Stumps from recently logged trees in the footprint of the Camp Fire. Some 40,000 trees have now been removed around Paradise.

Paradise, California faced the deadly and destructive 2018 Camp Fire, and officials want to make sure history never repeats itself. To that end, officials are buying up properties that are most at risk for wildfires to protect future homeowners and the town by turning these purchased properties into fire-resistant green spaces, NPR reports.

The 2018 Camp Fire wiped out a large section of Paradise, marking one of the deadliest and destructive wildfires in California’s history. The fire killed 85 people and destroyed about 14,000 homes.

The remnants of that wildfire are still evident throughout the town. About 40,000 trees have been removed to prevent future wildfires from spreading. Town officials hope removing the most vulnerable homes will help too.

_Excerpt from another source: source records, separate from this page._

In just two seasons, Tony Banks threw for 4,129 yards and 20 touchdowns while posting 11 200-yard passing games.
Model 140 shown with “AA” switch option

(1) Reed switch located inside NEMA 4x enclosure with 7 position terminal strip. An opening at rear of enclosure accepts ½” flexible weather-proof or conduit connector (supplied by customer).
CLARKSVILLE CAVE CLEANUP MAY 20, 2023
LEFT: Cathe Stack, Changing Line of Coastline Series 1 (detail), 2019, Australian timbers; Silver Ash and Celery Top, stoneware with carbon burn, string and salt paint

The town will purchase the high-risk properties from homeowners. Many of the properties are in more difficult-to-reach areas of town along winding dirt roads that firefighters struggle to reach safely.

This is not eminent domain. The parks program is voluntary. So far they have acquired about 300 acres of new land, with about 500 more acres in the pipeline, mostly paid for with non profit grant money and donations. But it is estimated they may need $20 million or more to have a serious impact from a wildfire prevention standpoint.

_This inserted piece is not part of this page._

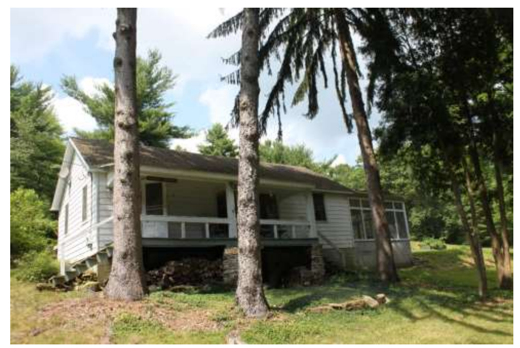
One of the three remaining structures of the camp is the Officers' Quarters shown.

Paradise officials plan to connect all the purchased properties to existing park land and create more park areas to help better control future wildfire spread.

Paradise has purchased about 300 acres of land, so far. They have about 500 acres additionally under contract. The properties have been paid for with nonprofit grant money and donations.

“Every single one of these properties we’re looking at from the standpoint of, what can we do to limit the spread of fire; is this a staging area,” says Dan Efseaff, director of Paradise Recreation and District. “I think it’s going to make the community safer.”

Michael Wara, a climate resilience expert at Stanford, says that what Paradise is doing in buying up properties in high-risk areas could serve as a model to other wildfire vulnerable communities across the country. But “the housing crisis in California really complicates any response to the wildfire crisis,” he said. Towns like Paradise are known as being more affordable and people are drawn to the real estate, regardless of the risk. Removing more properties from the pipeline in such an in-demand location may prove challenging, he said.

Town officials are hoping more might take part in the program once more PG&E settlement money starts coming in for fire survivors, and if or when the federal government gets serious about funding prevention work like this.